Module auton_survival.datasets
Utility functions to load standard datasets to train and evaluate the Deep Survival Machines models.
Functions
def increase_censoring(e, t, p, random_seed=0)
def load_support()
-
Helper function to load and preprocess the SUPPORT dataset. The SUPPORT Dataset comes from the Vanderbilt University study to estimate survival for seriously ill hospitalized adults [1]. Please refer to http://biostat.mc.vanderbilt.edu/wiki/Main/SupportDesc. for the original datasource.
References
[1]: Knaus WA, Harrell FE, Lynn J et al. (1995): The SUPPORT prognostic model: Objective estimates of survival for seriously ill hospitalized adults. Annals of Internal Medicine 122:191-203.
def load_synthetic_cf_phenotyping()
def load_dataset(dataset='SUPPORT', **kwargs)
-
Helper function to load datasets to test Survival Analysis models.
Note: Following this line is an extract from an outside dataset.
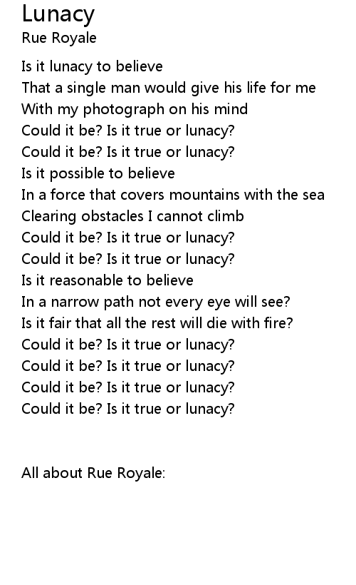 Is it lunacy to believe |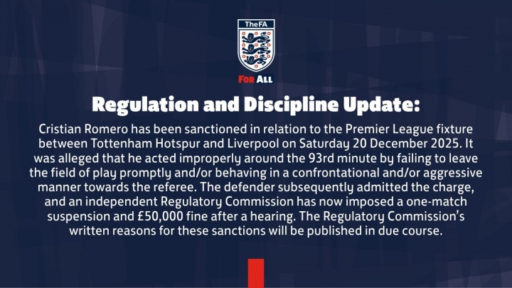 克里斯蒂安・罗梅罗因2025年12月20日(周六)托特纳姆热刺对阵利物浦的英超赛事,遭到纪律处罚。

Currently implemented datasets include:
SUPPORT: This dataset comes from the Vanderbilt University study to estimate survival for seriously ill hospitalized adults [1]. (Refer to http://biostat.mc.vanderbilt.edu/wiki/Main/SupportDesc. for the original datasource.)
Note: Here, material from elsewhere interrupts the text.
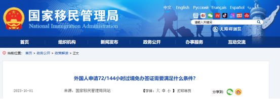 答:您好,感谢您对移民管理工作的关心和支持。外国人申请72/144小时过境免签,需要符合以下3个条件: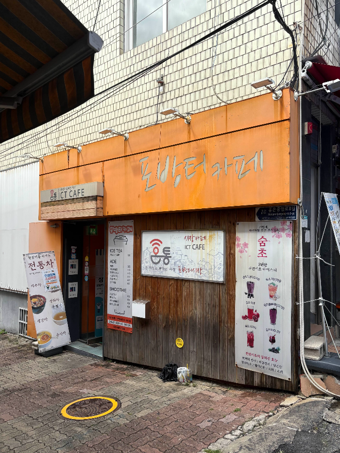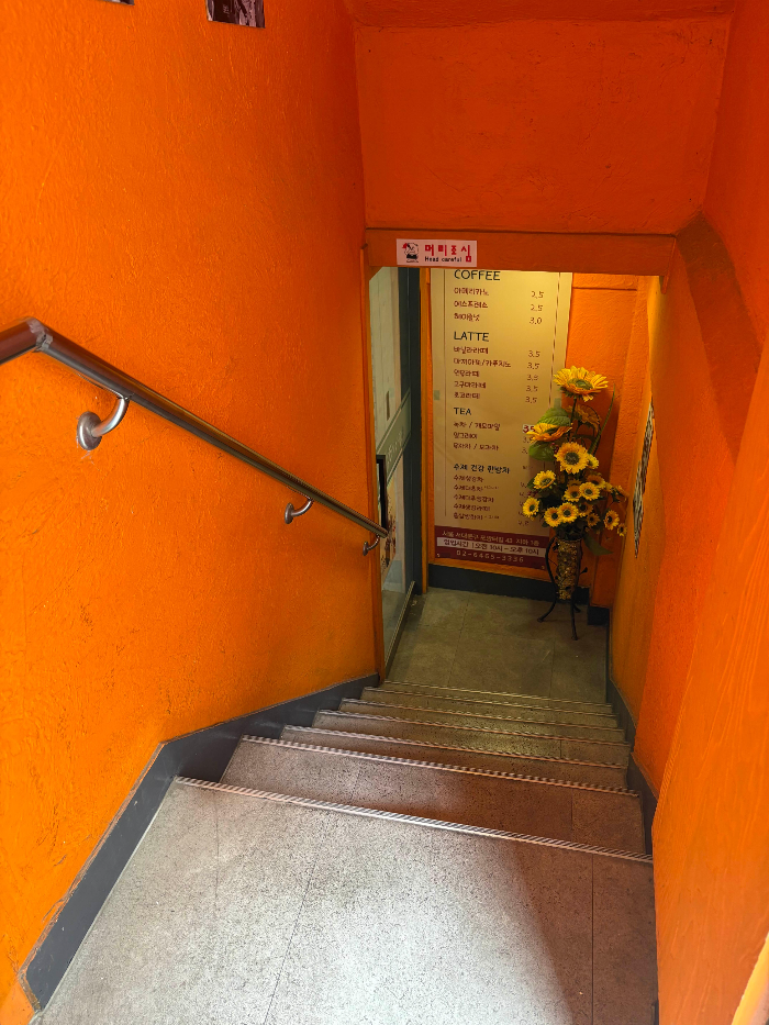 카페는 홍은동 포방터 시장 골목 안쪽에 자리하고 있으며, 입구에는 눈에 띄는 오렌지색 간판이 있어 쉽게 찾을 수 있었답니다.

PBC: The Primary biliary cirrhosis dataset [2] is well known dataset for evaluating survival analysis models with time dependent covariates.
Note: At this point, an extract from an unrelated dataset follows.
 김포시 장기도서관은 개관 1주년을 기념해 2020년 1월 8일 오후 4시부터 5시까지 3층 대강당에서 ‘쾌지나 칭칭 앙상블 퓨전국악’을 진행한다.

FRAMINGHAM: This dataset is a subset of 4,434 participants of the well known, ongoing Framingham Heart study [3] for studying epidemiology for hypertensive and arteriosclerotic cardiovascular disease. It is a popular dataset for longitudinal survival analysis with time dependent covariates.
SYNTHETIC: This is a non-linear censored dataset for counterfactual time-to-event phenotyping. Introduced in [4], the dataset is generated such that the treatment effect is heterogenous conditioned on the covariates.
References
[1]: Knaus WA, Harrell FE, Lynn J et al. (1995): The SUPPORT prognostic model: Objective estimates of survival for seriously ill hospitalized adults. Annals of Internal Medicine 122:191-203.
[2] Fleming, Thomas R., and David P. Harrington. Counting processes and survival analysis. Vol. 169. John Wiley & Sons, 2011.
[3] Dawber, Thomas R., Gilcin F. Meadors, and Felix E. Moore Jr. "Epidemiological approaches to heart disease: the Framingham Study." American Journal of Public Health and the Nations Health 41.3 (1951).
[4] Nagpal, C., Goswami M., Dufendach K., and Artur Dubrawski. "Counterfactual phenotyping for censored Time-to-Events" (2022).
Parameters
dataset
:str
- The choice of dataset to load. Currently implemented is 'SUPPORT', 'PBC' and 'FRAMINGHAM'.
**kwargs
:dict
- Dataset specific keyword arguments.
Returns
tuple
:(np.ndarray, np.ndarray, np.ndarray)
- A tuple of the form of (x, t, e) where x are the input covariates, t the event times and e the censoring indicators.